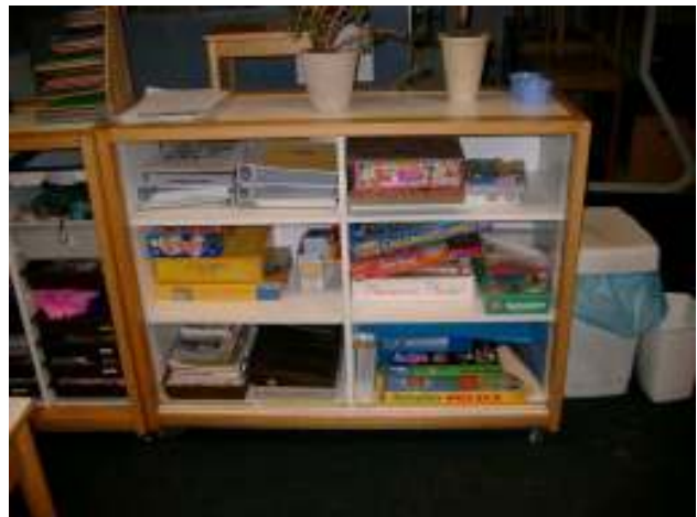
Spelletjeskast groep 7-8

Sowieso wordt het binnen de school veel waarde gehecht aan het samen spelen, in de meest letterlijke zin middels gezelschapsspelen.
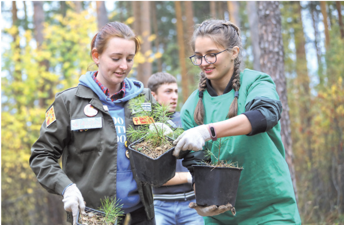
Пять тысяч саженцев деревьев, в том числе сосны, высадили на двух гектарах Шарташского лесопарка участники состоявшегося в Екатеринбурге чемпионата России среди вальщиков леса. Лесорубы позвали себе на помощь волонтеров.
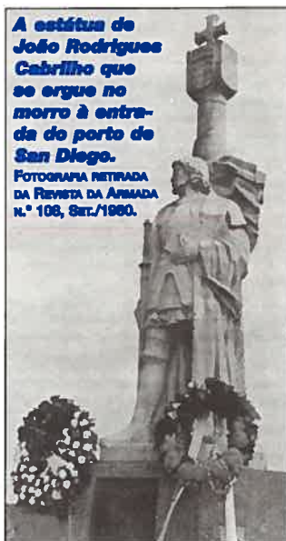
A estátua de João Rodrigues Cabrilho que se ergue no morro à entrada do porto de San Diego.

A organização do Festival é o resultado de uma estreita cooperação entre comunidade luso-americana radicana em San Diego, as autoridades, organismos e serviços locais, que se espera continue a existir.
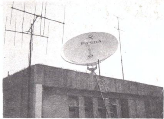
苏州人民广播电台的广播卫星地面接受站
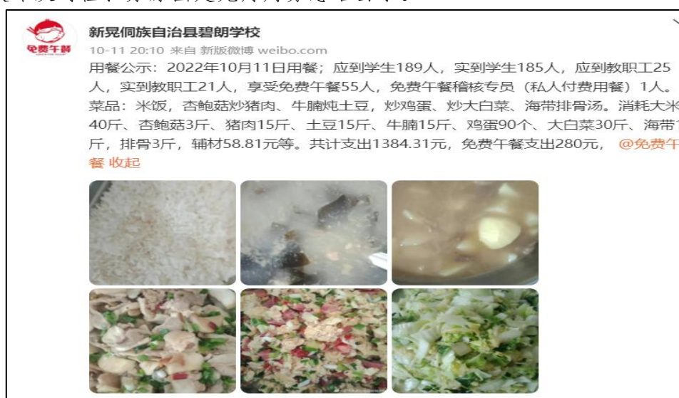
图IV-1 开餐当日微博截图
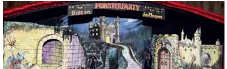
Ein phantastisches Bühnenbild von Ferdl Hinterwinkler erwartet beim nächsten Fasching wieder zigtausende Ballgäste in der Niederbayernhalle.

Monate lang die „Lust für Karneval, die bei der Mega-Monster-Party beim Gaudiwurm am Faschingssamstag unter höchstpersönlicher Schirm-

──────────

• Description of the task:
Omit the pictures, then output the rest of the listing exactly.

• Response area:
Spelletjeskast groep 7-8

Sowieso wordt het binnen de school veel waarde gehecht aan het samen spelen, in de meest letterlijke zin middels gezelschapsspelen.
Пять тысяч саженцев деревьев, в том числе сосны, высадили на двух гектарах Шарташского лесопарка участники состоявшегося в Екатеринбурге чемпионата России среди вальщиков леса. Лесорубы позвали себе на помощь волонтеров.
A estátua de João Rodrigues Cabrilho que se ergue no morro à entrada do porto de San Diego.

A organização do Festival é o resultado de uma estreita cooperação entre comunidade luso-americana radicana em San Diego, as autoridades, organismos e serviços locais, que se espera continue a existir.
苏州人民广播电台的广播卫星地面接受站
图IV-1 开餐当日微博截图
Ein phantastisches Bühnenbild von Ferdl Hinterwinkler erwartet beim nächsten Fasching wieder zigtausende Ballgäste in der Niederbayernhalle.

Monate lang die „Lust für Karneval, die bei der Mega-Monster-Party beim Gaudiwurm am Faschingssamstag unter höchstpersönlicher Schirm-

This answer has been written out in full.